QUESTION = A one-storied
house. Derives from the Hindi word bangla meaning,
literally, in the style of or belonging to Bengal. The word bungalow in English
dates back to the 17th century when it was used to refer to a type of cottage
built in Bengal for early European settlers ?
ANSWER =Bungalow.
The history of the bungalow becomes both confused and interesting
from the later eighteenth century. After the Battle of Plassey (1757), when the
British really became masters of Bengal, new cantonments, or permanent military
camps, were established. Here, European officers were eventually housed in
thatched roofed bungalows with various devices for thermal control, such as the
jaump (a horizontally suspended screen over the verandah), adopted from the
local culture. William Hodges provided an accurate description in 1793. Bungalows
were
generally raised on a base of brick, one, two or three feet from
the ground, and consist of only one storey; the plan of them usually is a large
room in the centre for an eating and sitting room, and rooms at each corner for
sleeping; the whole is covered with one general thatch, which comes low to each
side; the spaces between the angle rooms are viranders or open porticos to sit
in during the evenings; the center hall is lighted from the sides with windows
and a large door in the center. Sometimes the center viranders at each end are
converted into rooms.
Today, the word has two or three common meanings. In Europe and
North America, it refers to a separate (or "detached") dwelling,
principally on one storey and meant for the permanent occupation of one
household or family.
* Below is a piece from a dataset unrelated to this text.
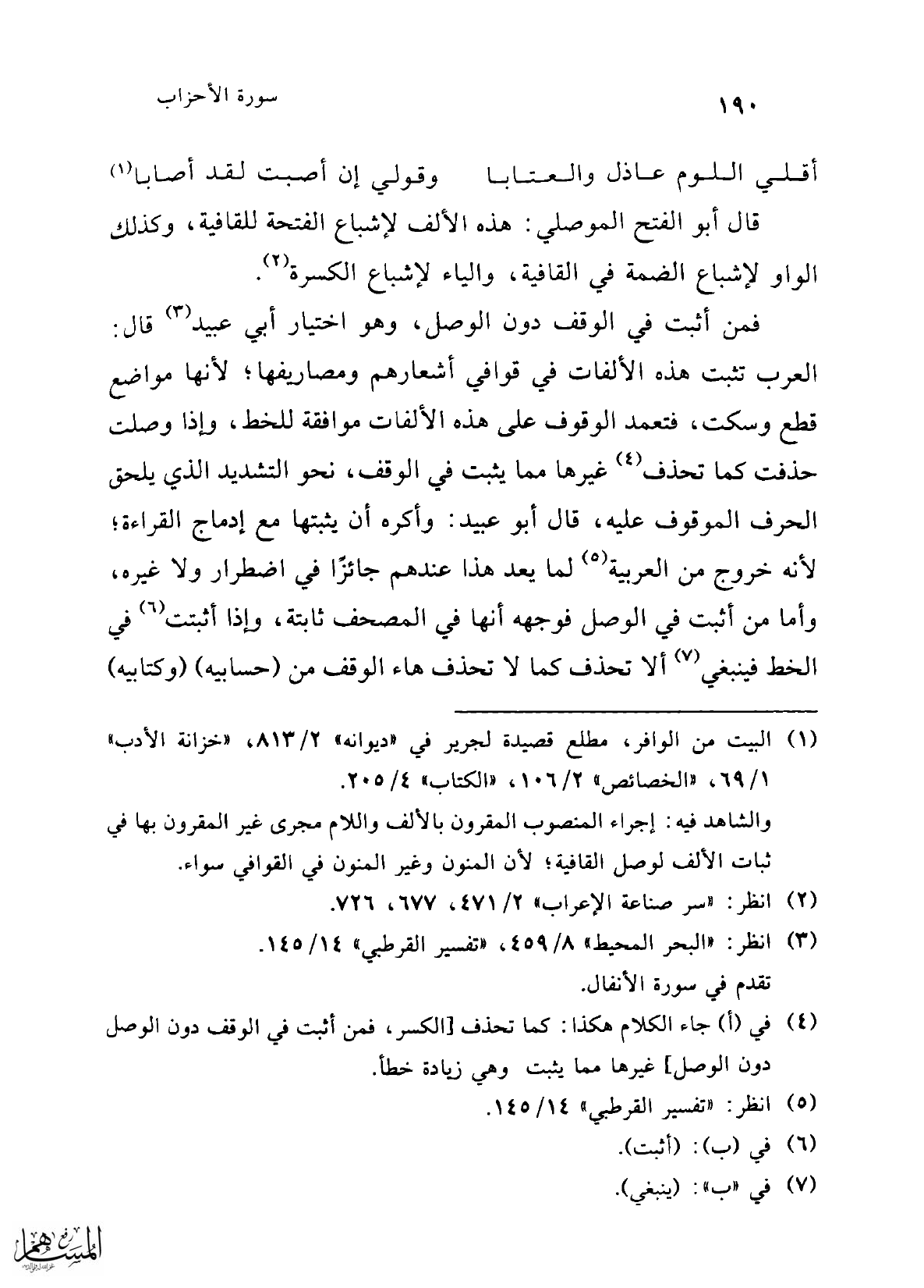 فمن أثبت في الوقف دون الوصل، وهو اختيار أبي عبيد (¬3) قال: العرب تثبت هذه الألفات في قوافي أشعارهم ومصاريفها؛ لأنها مواضع قطع وسكت، فتعمد الوقوف على هذه الألفات موافقة للخط، وإذا وصلت حذفت كما تحذف (¬4) غيرها مما يثبت في الوقف، نحو التشديد الذي يلحق الحرف الموقوف عليه، قال أبو عبيد: وأكره أن يثبتها مع إدماج القراءة؛ لأنه خروج من العربية (¬5) لما يعد هذا عندهم جائزًا في اضطرار ولا غيره، وأما من أثبت في الوصل فوجهه أنها في المصحف ثابتة، وإذا أثبتت (¬6) في الخط فينبغي (¬7) ألا تحذف كما لا تحذف هاء الوقف من (حسابيه) (وكتابيه)

It can also describe a simple, lightly or self-built
shelter, perhaps by the beach or in the country, and meant for temporary or
holiday use. In Africa and India, it might refer to an older,
"colonial" type of house which, though perhaps with more than one
storey, is always detached, or even, in India at least, to any modern house in
contrast to more traditional types of dwelling. In all countries, its diffusion
is part of the cultural consequences of colonialism, though in the rich
industrial nations of the North, the bungalow, in the first two senses
suggested above, is part of two phenomena characteristic of modern,
urban-industrial and essentially free market societies: large-scale
sub-urbanisation and the growth of mass leisure.